_Task statement_
Give back the records below exactly, every one, with no pictures.

_Entries supplied_
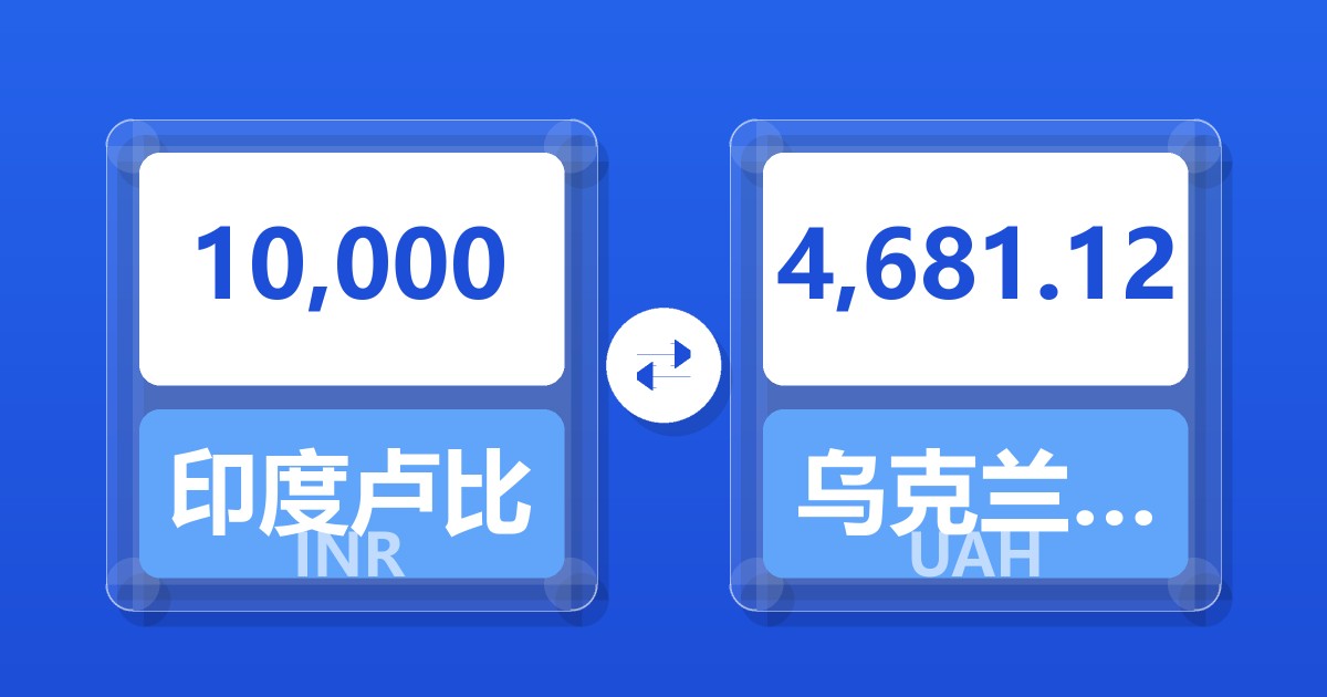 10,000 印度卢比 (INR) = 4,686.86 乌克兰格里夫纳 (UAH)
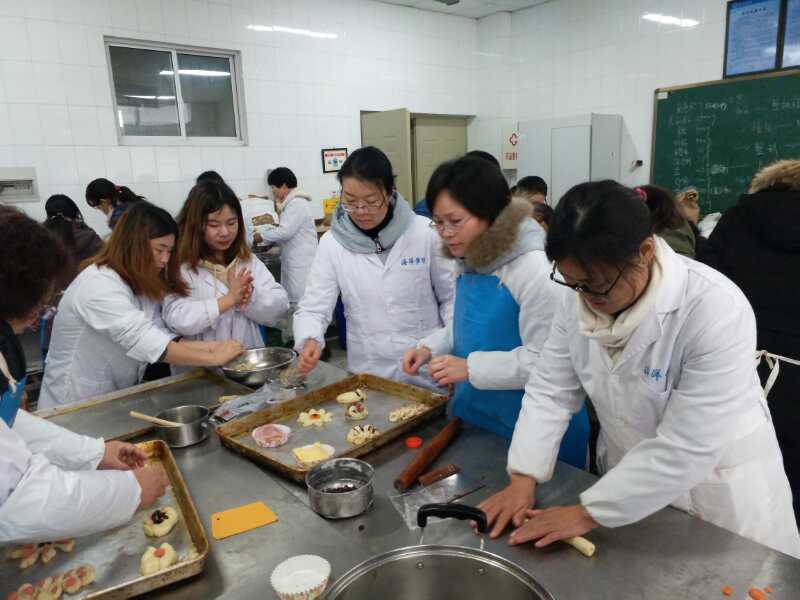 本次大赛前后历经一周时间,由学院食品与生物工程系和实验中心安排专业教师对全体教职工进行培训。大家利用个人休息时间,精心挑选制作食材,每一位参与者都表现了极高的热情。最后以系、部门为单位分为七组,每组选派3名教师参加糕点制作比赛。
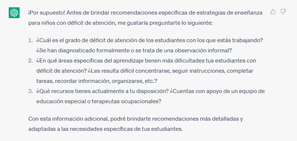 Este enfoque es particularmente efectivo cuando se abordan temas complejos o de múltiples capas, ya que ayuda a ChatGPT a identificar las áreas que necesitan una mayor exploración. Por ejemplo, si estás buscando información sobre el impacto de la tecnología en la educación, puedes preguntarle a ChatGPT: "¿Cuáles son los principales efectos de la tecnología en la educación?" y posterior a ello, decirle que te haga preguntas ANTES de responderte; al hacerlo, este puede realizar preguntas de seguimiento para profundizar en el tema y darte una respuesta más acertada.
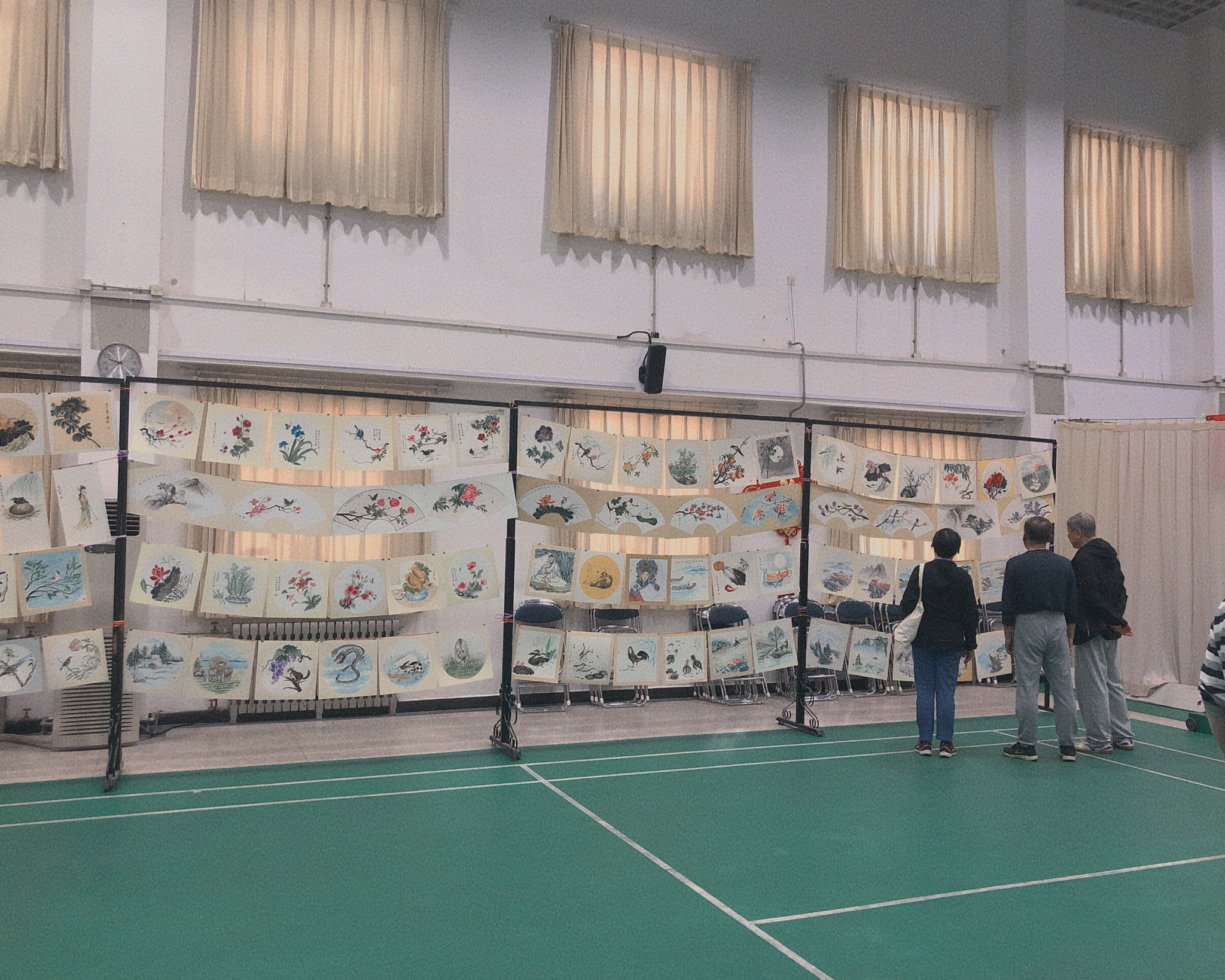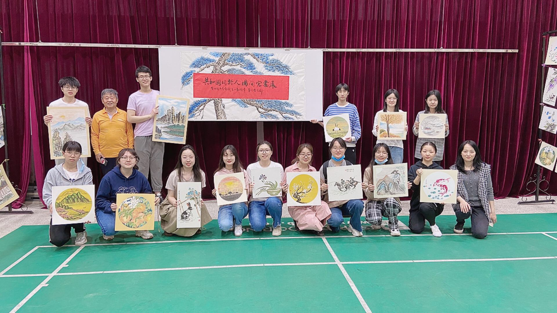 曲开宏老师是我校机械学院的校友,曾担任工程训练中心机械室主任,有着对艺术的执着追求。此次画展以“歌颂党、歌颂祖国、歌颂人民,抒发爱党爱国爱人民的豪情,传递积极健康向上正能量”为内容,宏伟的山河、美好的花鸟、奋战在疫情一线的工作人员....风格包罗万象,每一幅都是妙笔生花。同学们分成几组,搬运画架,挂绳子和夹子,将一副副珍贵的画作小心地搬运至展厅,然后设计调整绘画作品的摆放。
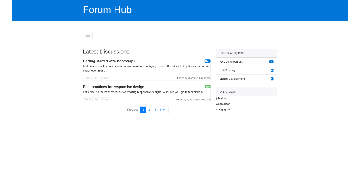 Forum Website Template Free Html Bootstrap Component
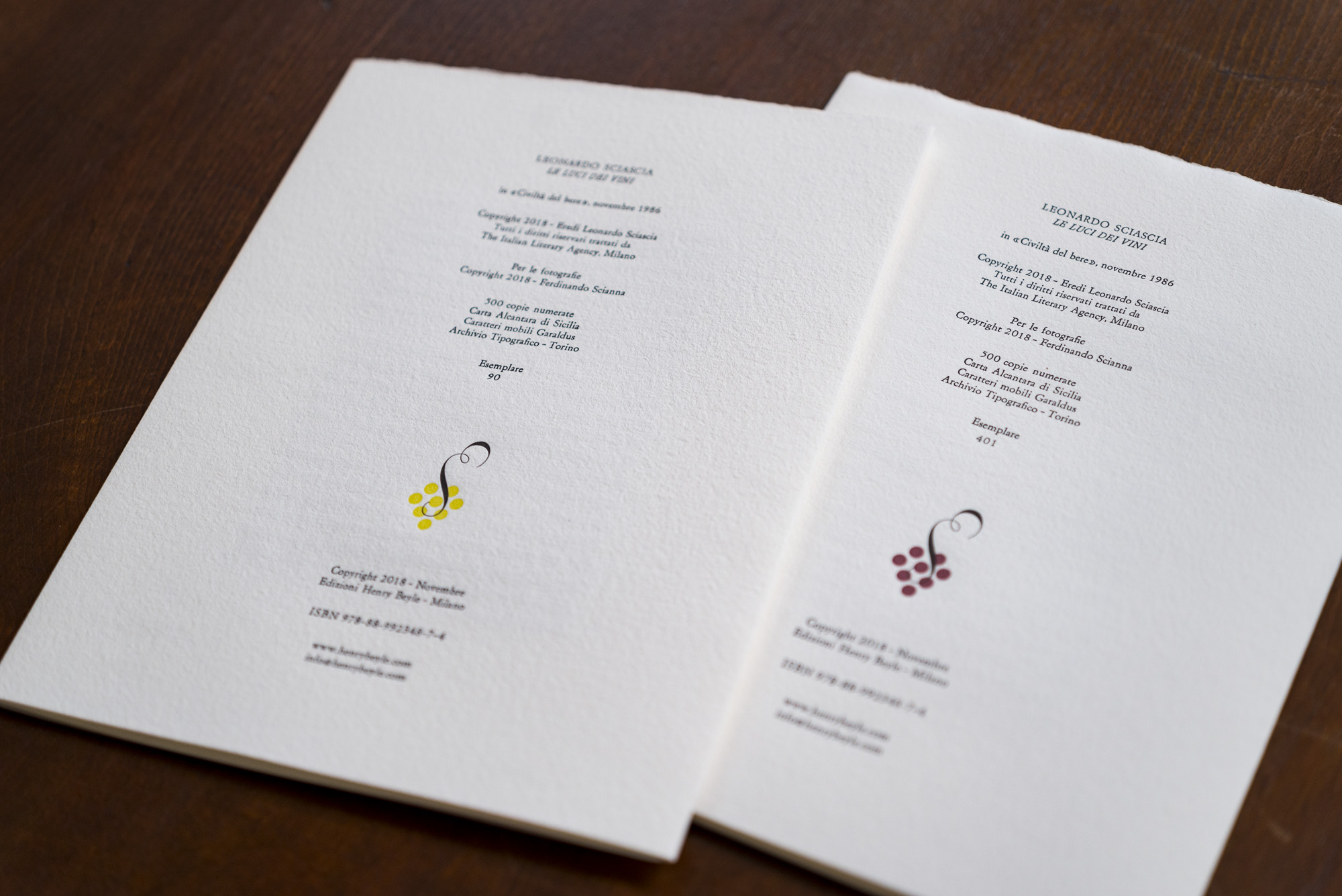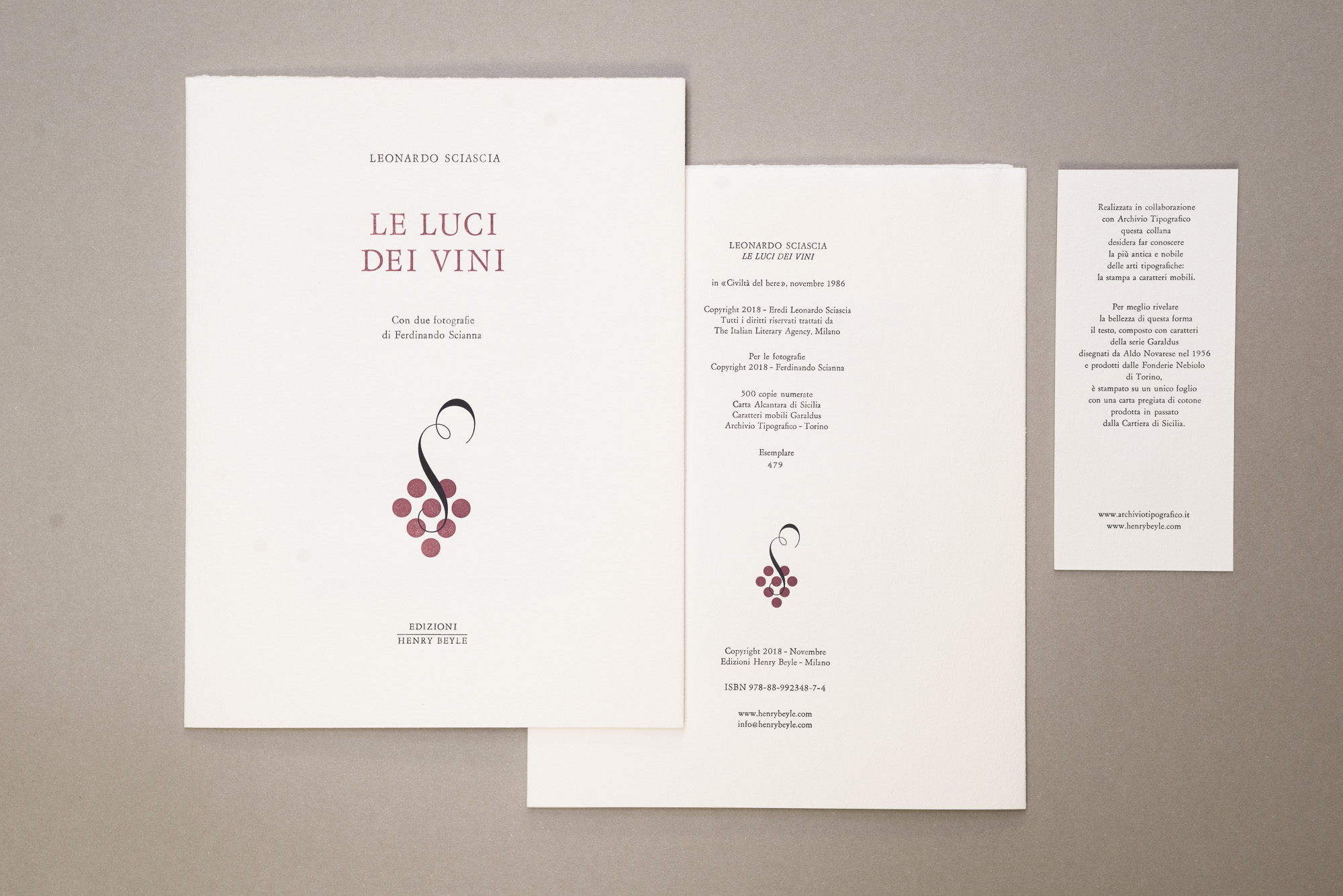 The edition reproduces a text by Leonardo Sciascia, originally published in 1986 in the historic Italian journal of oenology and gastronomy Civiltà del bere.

_Response_
 10,000 印度卢比 (INR) = 4,686.86 乌克兰格里夫纳 (UAH)
 本次大赛前后历经一周时间,由学院食品与生物工程系和实验中心安排专业教师对全体教职工进行培训。大家利用个人休息时间,精心挑选制作食材,每一位参与者都表现了极高的热情。最后以系、部门为单位分为七组,每组选派3名教师参加糕点制作比赛。
 Este enfoque es particularmente efectivo cuando se abordan temas complejos o de múltiples capas, ya que ayuda a ChatGPT a identificar las áreas que necesitan una mayor exploración. Por ejemplo, si estás buscando información sobre el impacto de la tecnología en la educación, puedes preguntarle a ChatGPT: "¿Cuáles son los principales efectos de la tecnología en la educación?" y posterior a ello, decirle que te haga preguntas ANTES de responderte; al hacerlo, este puede realizar preguntas de seguimiento para profundizar en el tema y darte una respuesta más acertada.
 曲开宏老师是我校机械学院的校友,曾担任工程训练中心机械室主任,有着对艺术的执着追求。此次画展以“歌颂党、歌颂祖国、歌颂人民,抒发爱党爱国爱人民的豪情,传递积极健康向上正能量”为内容,宏伟的山河、美好的花鸟、奋战在疫情一线的工作人员....风格包罗万象,每一幅都是妙笔生花。同学们分成几组,搬运画架,挂绳子和夹子,将一副副珍贵的画作小心地搬运至展厅,然后设计调整绘画作品的摆放。
 Forum Website Template Free Html Bootstrap Component
 The edition reproduces a text by Leonardo Sciascia, originally published in 1986 in the historic Italian journal of oenology and gastronomy Civiltà del bere.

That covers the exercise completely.